Unable to achieve advertised precision (+/-10cm), getting +/-1m on DWM1000

avillacis · June 16, 2020, 3:51pm

I am currently participating in a IoT project that uses a hardware platform based on the Espressif ESP32 chipset, with a pluggable module architecture, one of which contains a Decawave DWM1000. The project, of course, involves locating a tag using a couple of anchors with known coordinates, and I am currently performing tests for distance accuracy. However, I am yet to achieve the expected precision in the distance measurement, because the calculation result fluctuates by 50 cm to 1 m, and even sometimes spiking to 2m errors, all with the anchor and tag devices (one of each) completely stationary and in direct line of sight of each other.

The ESP32 board is powered from a 5V, 2.4A USB power charger for both anchor and tag devices
The ESP32 board has WiFi active, both as a debugging tool, and as a means to transmit MQTT messages containing the calculated position to plot on a map.
The DWM1000 plug-in board, as far as I know, runs on its default internal oscillator. No external or temperature-compensated oscillator has been added to the board.
The code is supposed to use an revised version of asymmetric two-way ranging (all timestamps are in Decawave clock units):
- Tag sends a poll packet with its own EUI every 500ms to announce itself to any anchor in range, and stores the transmission timestamp internally on TX interrupt
- Anchor receives packet, takes note of reception timestamp, waits a bit for radio silence, transmit a poll acknowledge, and stores transmission timestamp internally on TX interrupt
- Tag receives poll acknowledge, takes note of reception timestamp, and sends a range request packet containing the poll transmission timestmap, poll ack reception timestamp, and an estimate of the impending range packet transmission timestamp using the current timestamp plus 3000us converted to Decawave clock units, plus the current TX antenna delay.
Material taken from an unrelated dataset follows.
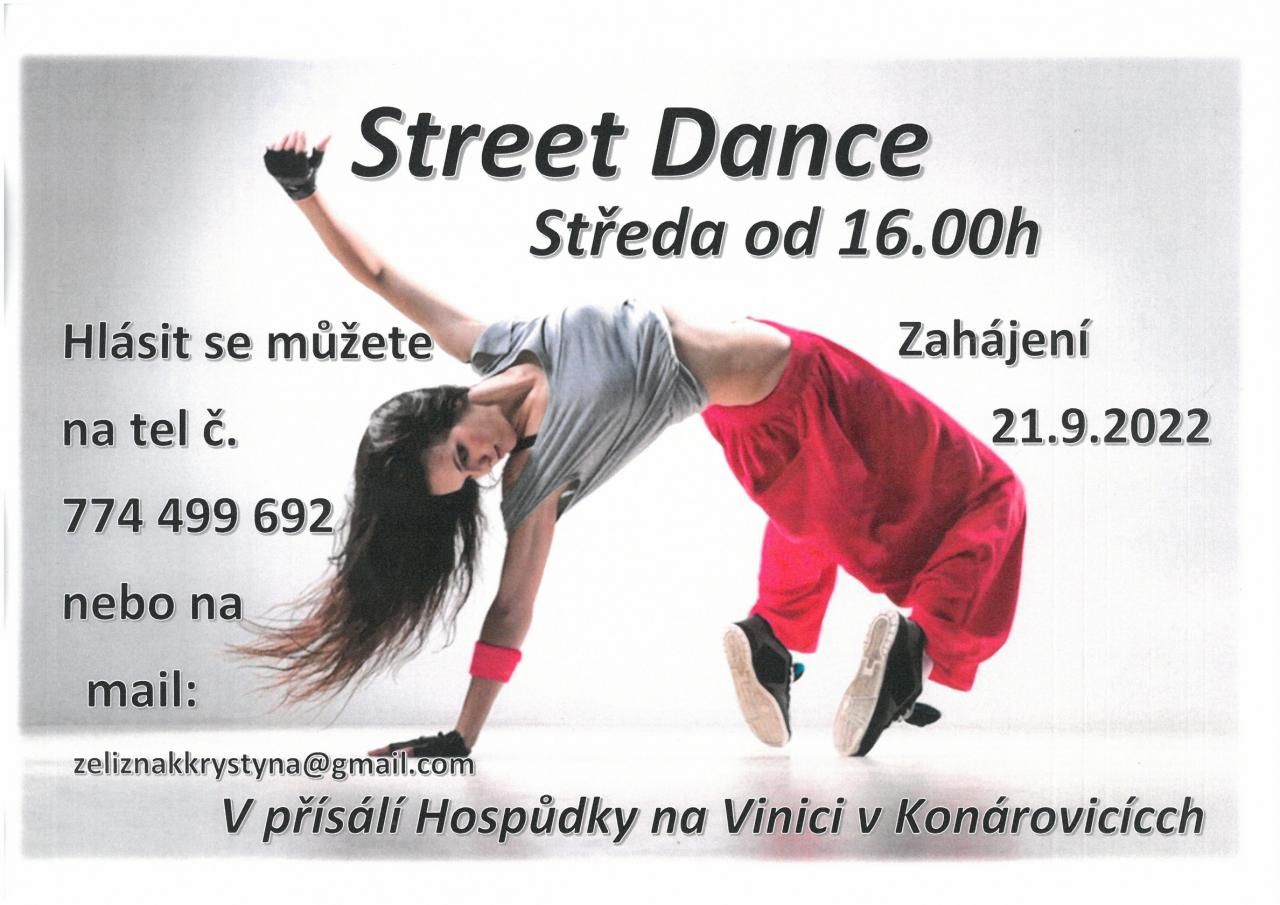 Street Dance - zahájení od 21.9.2022 od 16:00 hod.v přísálí Hospůdky na Vinici.
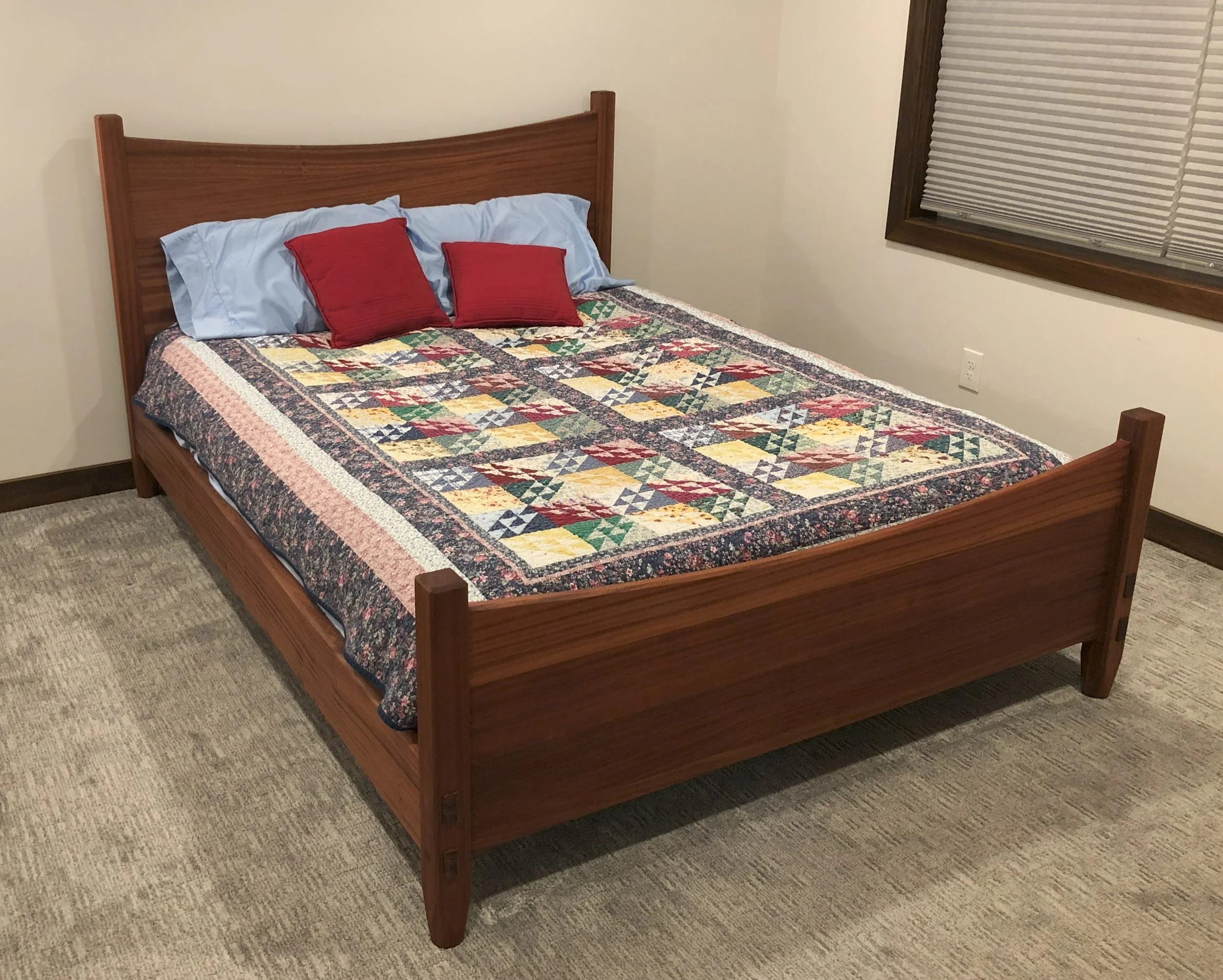 This bedframe was my first commission after starting Christoph Fine Woodworking, and it remains one of my favorites. The shaker style, with its minimal ornamentation, lets the beauty of the wood and quality of the joinery stand out. Like all my large furniture, this piece can be dissembled for transport, in this case by removing the subtly angled wooden pins that pull the double tenons of the rails tight against the legs. More complex joinery is hidden in the headboard, which is attached to the legs by shouldered sliding dovetails (this is similar to the breadboard ends featured on many breadboards and tables). I chose this method of attachment to ensure that wood movement perpendicular to the grain in the large panel against the unmoving vertical grain of the legs would not cause cracking over time.

This transmission uses the delayed-transmission feature of the Decawave.
- Anchor receives range request packet, takes note of reception timestamp, and calculates the time-of-flight using the asymmetric two-way ranging formula
- Anchor converts time-of-flight to distance using the library conversion constant, then (supposedly) corrects the distante using the reception power measurement, and transmits the value back to the tag

The Decawave-specific code has two layers. The lower layer is at https://github.com/yubox-node-org/arduino-dw1000-ng/tree/alex-concurrency-workaround2 which is a personal fork of the arduino-dw1000-ng code with tweaks to make it stable on the ESP32, which include at least the following changes I made:

846891bd744172bd8e3859303fff4ad3fe446c7d Use a separate mask to clear SYS_STATUS bits, otherwise I lose event bits
08f7a432bc537829aee613a4427cc35056b8932d Move direct interrupt handling to a separate ESP32 task
f34ca830c775df4ce149d996fa0ef8f6894f0efd Use 64-bit values to handle Decawave timestamps, rather than risking truncation of 5-byte values to 4-byte longs
Additionally, in searching for the cause of the fluctuations, I am now correcting for the following conditions not addressed by the upstream Arduino library:
The 5-byte Decawave timestamps wrap around every 17 seconds, so two timestamps measurements may fall on opposite ends of the wraparound. This is guarded-for and fixed in my code.
The Decawave User Manual states in section 3.3 Delayed Transmission that the delayed transmission timestamp will ignore the lower 9 bits of the start-of-transmission value. My code adds the required value so that the resulting future transmission timestamp will have the lower 9 bits set to 0.

As I have noticed that the reception timestamps get scrambled by packet collisions, I have (for now) kept the test to one anchor and one tag. Yet the fluctuations persist.

As stated previously, the problem I am seeing is that the result of the calculation fluctuates by up to 1 meter, even at the distance I attempt to use for a simple antenna delay calibration (6.6m). As a result, the antenna delay calibration converges slowly, and then does not stay in one value, but fluctuates across more than one hour of attempted calibration. Additionally, even with the calibration at the known distance, a shorter distance also fluctuates around an incorrect distance (5m measured as 5.5m, 4m measured as 2.9m). The reception power correction appears to be on the order of a few tens of centimeters, but the errors I am seeing are much greater, and variable.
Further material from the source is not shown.